この方法は、屈折率異方性を有する液晶分子を通過したために直線偏光から楕円偏光へ変換された光を、屈折率異方性を有する液晶層の片側または両側に介在させた光学位相差板を通過させることによって、視角に生ずる正常光と異常光の位相差変化を補償して直線偏光の光に再変換し、視角依存性の改善を可能にするものである。
このような光学位相差板として、屈折率楕円体の1つの主屈折率方向を光学位相差板表面の法線方向に対して平行にしたものが、例えば特開平5−313159号公報に記載されている。しかしながら、この光学位相差板を用いても、正視角方向の反転現象を改善するには限界がある。
また、反転現象を解消するために、例えば、特開昭57−186735号公報には、各表示パターン(画素)を複数に区分し、区分されたそれぞれの部分が独立した視角特性を有するように配向制御を施す、いわゆる画素分割法が開示されている。この方法によれば、それぞれの区分において、液晶分子が互いに異なる方向に立ち上がるので、視角依存性を解消することができる。しかしながら、上下方向に視角を傾けたときにコントラストが低下するという問題は解消されない。
また、特開平6−118406号公報及び特開平6−194645号公報には、上記の画素分割法に光学位相差板を組み合わせる技術が開示されている。

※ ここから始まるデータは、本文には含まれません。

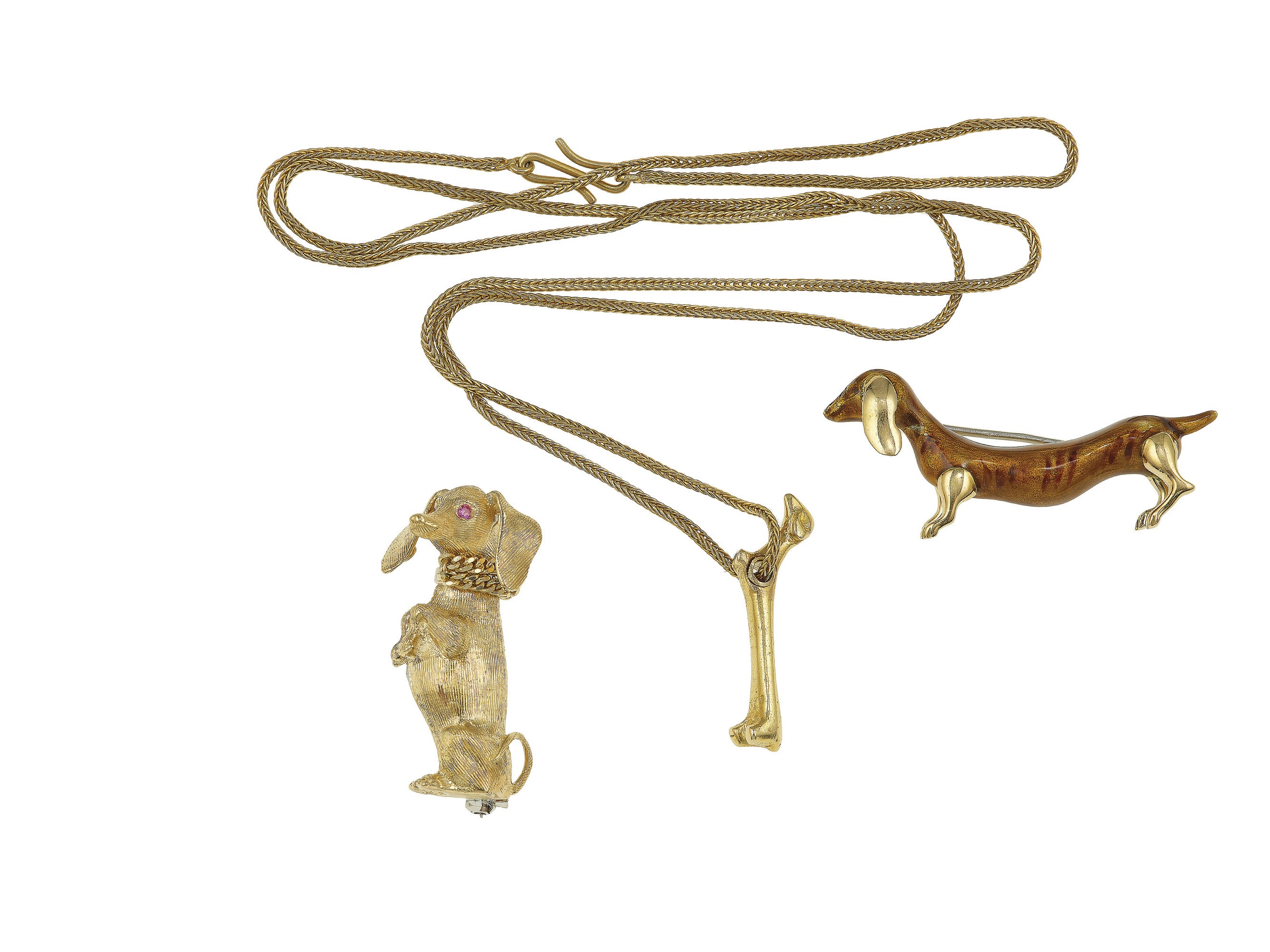 Two gold brooches and one gold pendent necklace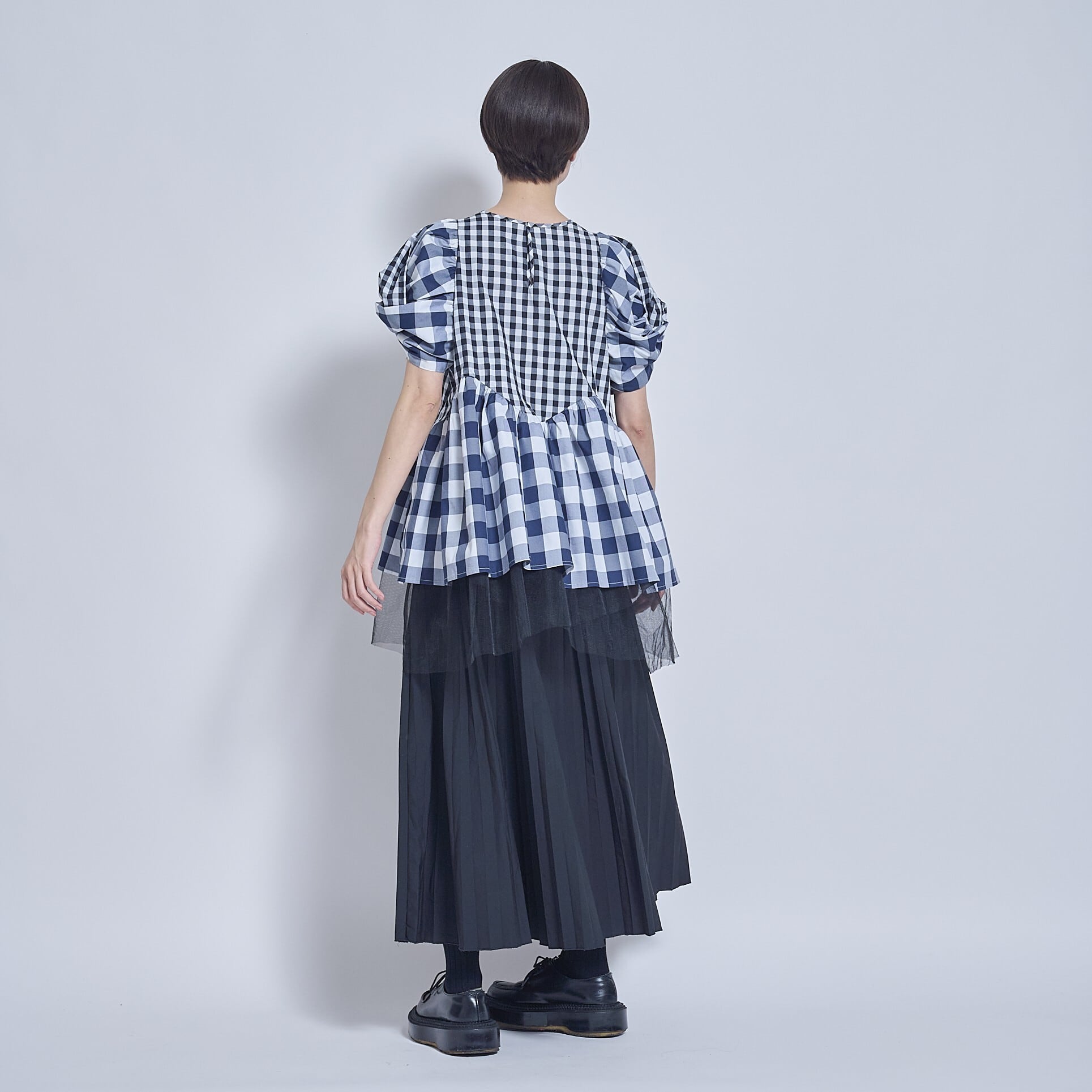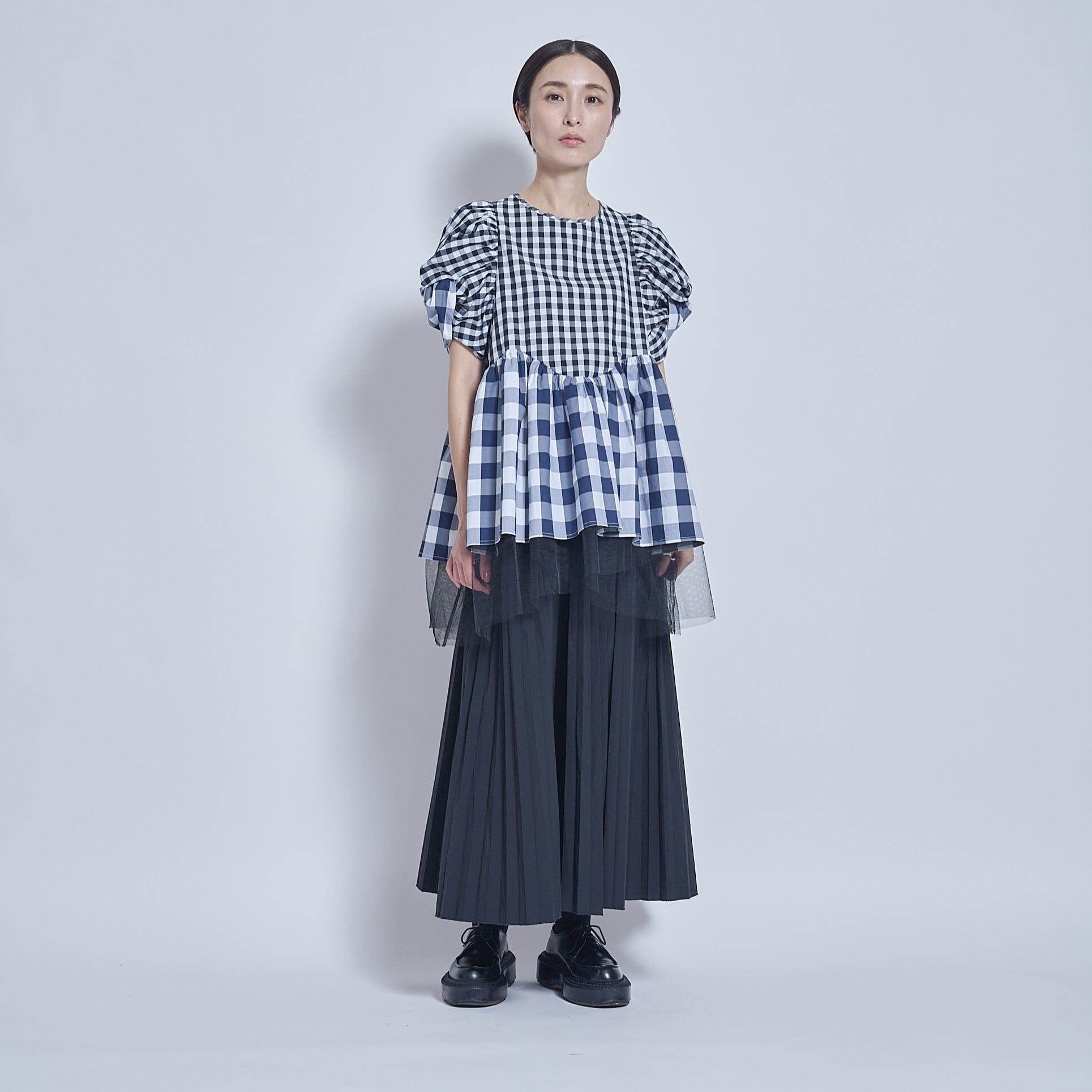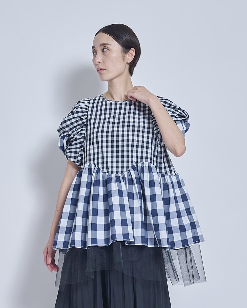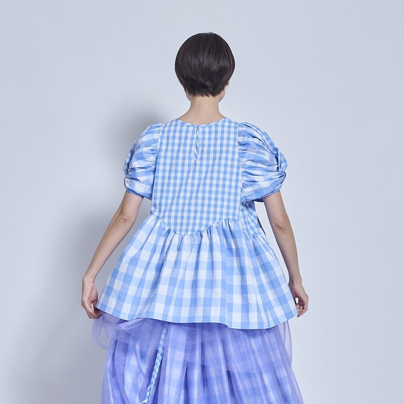 今回はギンガムの大と小のテキスタイルをピックアップして、組み合わせたシリーズをデザインしました。そこにギンガムと同色のチュールを2枚ランダムにアシンメトリーに重ねて、ギンガムチェックの裾から出したシャツ。普通にはあまりみたことの無いような物を作りたくて、この2素材の組み合わせにしてみました。袖はパフスリーブになっていますが、ねじりを加えたパターンを作り、フワッと見える袖になっています。胸下からペプラムライクにギャザーを寄せた大きなギンガムチェックで胸の下にカーブした切り替えを加えたデザイン。

特開平6−118406号公報に開示されている液晶表示装置は、液晶パネルと偏光板との間に光学異方性フィルム(光学位相差板)が挿入されることにより、コントラストの向上などが図られている。特開平6−194645号公報に開示されている補償板(光学位相差板)は、補償板面に平行な方向の面内の屈折率がほぼなく、かつ補償板面に垂直な方向の屈折率が面内の屈折率より小さくなるように設定されていることにより、負の屈折率を有する。このため、電圧が印加されたときに、液晶表示素子に生じる正の屈折率を補償して、視角依存性を低減させることができる。
しかしながら、画素分割法にこの光学位相差板を用いても、視角を傾けたときに斜め45°方向で着色現象が発生したり、上下方向のコントラストの低下を均一に抑制することが難しい。
したがって、屈折率楕円体の1つの主屈折率方向を位相差板表面の法線方向に対して平行である屈折率楕円体が傾斜していない光学位相差板を用いて視角に依存して生じるコントラスト変化、着色現象、反転現象を改善するには限界がある。
そこで、特開平6−75116号公報には、光学位相差板として、屈折率楕円体の主屈折率方向が光学位相差板の表面の法線方向に対して傾斜しているものを用いる方法が提案されている。この方法では、光学位相差板として次の2種類のものを用いている。
一つは、屈折率楕円体の3つの主屈折率のうち、最小の主屈折率の方向が表面に対して平行であり、かつ残り2つの主屈折率の一方の方向が光学位相差板の表面に対してθの角度で傾斜し、他方の方向も光学位相差板表面の法線方向に対して同様にθの角度で傾斜しており、このθの値が20°≦θ≦70°を満たしている光学位相差板である。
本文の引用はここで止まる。